Time Zone Query

Started by Blake Crosbyover 25 years ago3 messagesgeneral
Jump to latest
#1Blake Crosby
me@blakecrosby.com

I have a (hopefully) quick question about the timestamp type and time zones.

Currently the database resides on a box in time zone with offset -05.
Inserts and Selects are being done from time zone +11.

Currently in the table the dates/times are stored with the -05 time zone
information attached:

date
------------------------
2001-01-01 08:42:24-05

I can get the correct date/time for my local time zone (+11) by using SET
TIMEZONE TO 'Australia/Sydney' . What I would like to know, am I able to
store the date/time in the database with the correct time zone offset (+11)
and not (-05)? ie, so it looks like this:

date
------------------------
2001-01-02 12:42:24+11

I want to be able to select the date from the table and not have to worry
about applying the proper time zone offset by using SET TIMEZONE TO.

Regards,
Blake Crosby.

#2Tom Lane
tgl@sss.pgh.pa.us
In reply to: Blake Crosby (#1)
Re: Time Zone Query

Blake Crosby <me@blakecrosby.com> writes:

I have a (hopefully) quick question about the timestamp type and time zones.
Currently the database resides on a box in time zone with offset -05.
Inserts and Selects are being done from time zone +11.

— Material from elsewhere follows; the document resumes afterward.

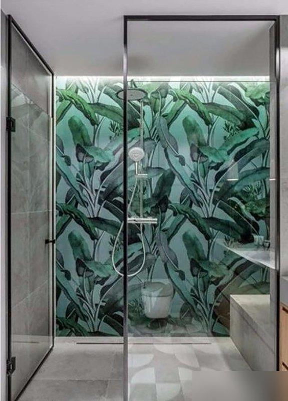 卫生间只留三样:壁挂马桶、长条地漏、一整面绿谷砖。

Currently in the table the dates/times are stored with the -05 time zone
information attached:

No, the times in the database are all GMT. They will get *displayed*
with some particular timezone offset, as determined by the TIMEZONE
SET variable.

I can get the correct date/time for my local time zone (+11) by using SET
TIMEZONE TO 'Australia/Sydney' . What I would like to know, am I able to
store the date/time in the database with the correct time zone offset (+11)
and not (-05)? ie, so it looks like this:

You have a fundamental misconception here...

I want to be able to select the date from the table and not have to worry
about applying the proper time zone offset by using SET TIMEZONE TO.

You have to set TIMEZONE to your local timezone if you want dates
displayed in something other than the server's default timezone.
Perhaps what you are really looking for is the PGTZ environment
variable. If you keep PGTZ set in your environment, libpq will issue
the SET TIMEZONE command for you during connection startup.

regards, tom lane

#3Blake Crosby
me@blakecrosby.com
In reply to: Tom Lane (#2)
Re: Time Zone Query

At 12:09 PM 4/01/2001 -0500, you wrote:

No, the times in the database are all GMT. They will get *displayed*
with some particular timezone offset, as determined by the TIMEZONE
SET variable.

You have to set TIMEZONE to your local timezone if you want dates
displayed in something other than the server's default timezone.
Perhaps what you are really looking for is the PGTZ environment
variable. If you keep PGTZ set in your environment, libpq will issue
the SET TIMEZONE command for you during connection startup.

regards, tom lane

After further investigation it turns out I am looking for a timestamp and
timetz hybrid. Possibly timestamptz ? :)

My solution has been to store the timezone offset in a int4 field, then
apply that offset when selecting data from my timestamp type fields.